Billionaire entrepreneur Sir Richard Branson announced on CNBC's "Squawk Box" Friday that his commercial space flight venture will accept bitcoin as payment. He called it "a new exciting currency."

Virgin Galactic accepted its first purchase with bitcoin from a flight attendant in Hawaii. Branson — an early bitcoin investor himself —said the woman made "quite lot of money getting into bitcoin early on."

He said she paid in bitcoin, which was transferred into actual dollars "so there's a fixed price ... [and] we can actually pay her money back, if she changes her mind about going to space in a few months."

If Virgin Galactic didn't have a refund policy, it might be willing to take the risk on a pure bitcoin transaction, he said. The cost in U.S. dollars to book a space flight is $250,000.

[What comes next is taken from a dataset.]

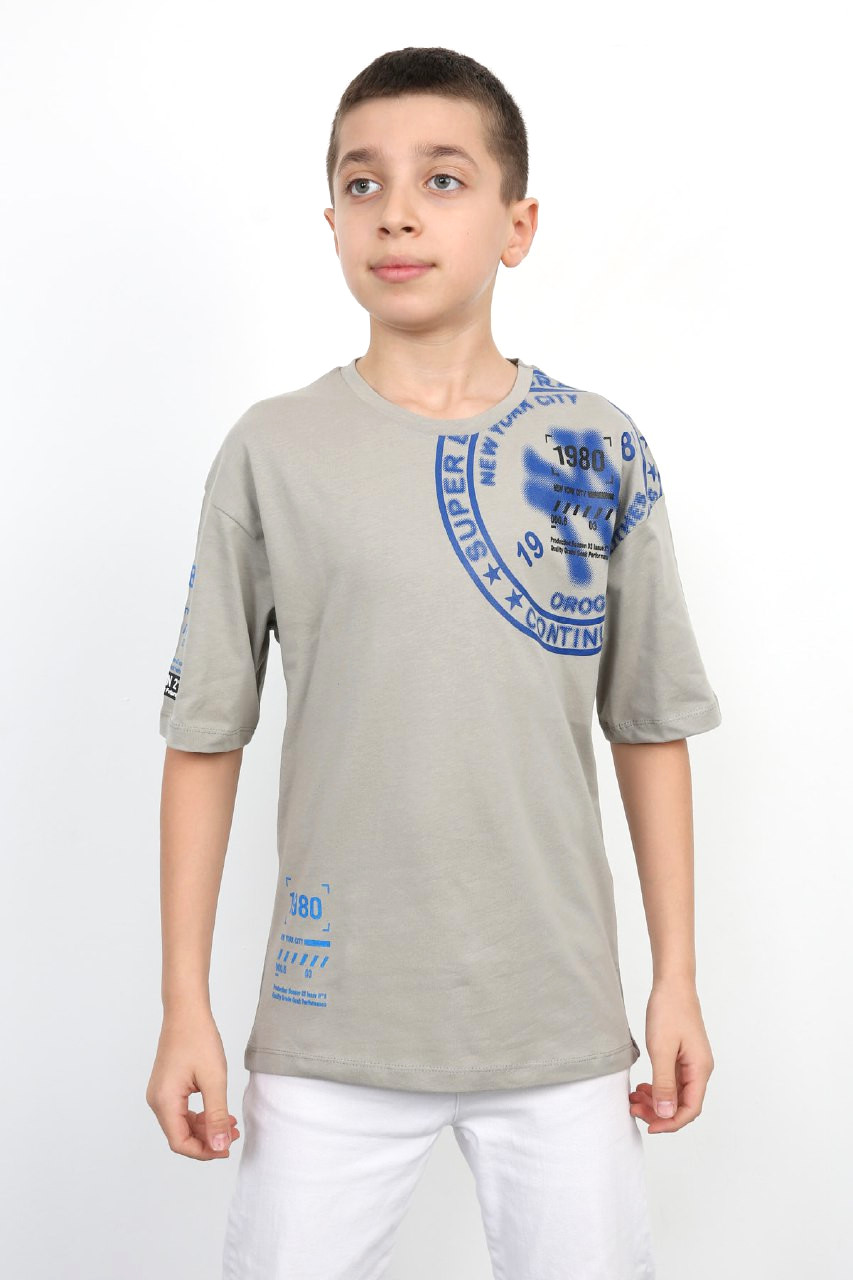 Стильная футболка для мальчика. Дополнена  принтом. В размер.Пошив очень хороший.

Branson did the interview from his private island in the Caribbean, Necker Island, where the rebuilding project of his luxury home is now complete. The previous one burned down two years ago. "It's rebuilt. It's beautiful," he said. "We've actually got 30 astronauts who signed up to go to space here at the moment."

Before the CNBC interview, Branson tweeted:

Many bitcoin users are the type of people who will buy tickets for space travel, Branson told CNBC via a Skype video connection with a cellphone for audio pressed to his ear. "Virgin Galactic is a bold entrepreneurial technology. It's driving a revolution. And bitcoin is doing just the same when it comes to inventing a new currency."

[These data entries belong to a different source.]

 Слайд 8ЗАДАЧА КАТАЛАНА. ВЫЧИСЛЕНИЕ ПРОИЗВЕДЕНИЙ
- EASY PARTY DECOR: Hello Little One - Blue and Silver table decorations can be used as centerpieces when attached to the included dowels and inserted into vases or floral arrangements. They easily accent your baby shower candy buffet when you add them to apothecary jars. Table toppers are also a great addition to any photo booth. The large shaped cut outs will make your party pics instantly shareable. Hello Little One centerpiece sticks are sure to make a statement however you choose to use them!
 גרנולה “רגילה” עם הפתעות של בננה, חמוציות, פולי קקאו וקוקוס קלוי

"I think the fact that there's going to be a limited number of bitcoins out there and it will ultimately be capped— unlike normal currencies where governments can print more currencies — gives it a sense of security," he said, but acknowledged the risk. "There have been spikes and lows. But I think one day it will settle at a price that, I personally believe, is higher than the price today."

For bitcoin's latest price, (click here.)

The future of conventional flights
With the Federal Communications Commission thinking about lifting its longtime prohibition on making cellphone calls and texting during flights, Branson said: "I think that what's likely to happen is you'll have 'talking cabins' like you used to have 'smoking only cabins' where people can talk, and you'll have 'quiet cabins' where people can sleep and not talk."

But he said that type of seating structure — if implemented on Virgin Airlines — would not cost passengers any more money. "On the Virgin, you pay the same good price on every seat."

Branson also sees Virgin Galatic eventually competing against long-haul international airline routes. He said that a flight from New York to Singapore could take an hour "travelling orbitally around the world at 26,000 miles per hour." He hopes to see that in his lifetime, but said it will "definitely happen in my children's lifetime."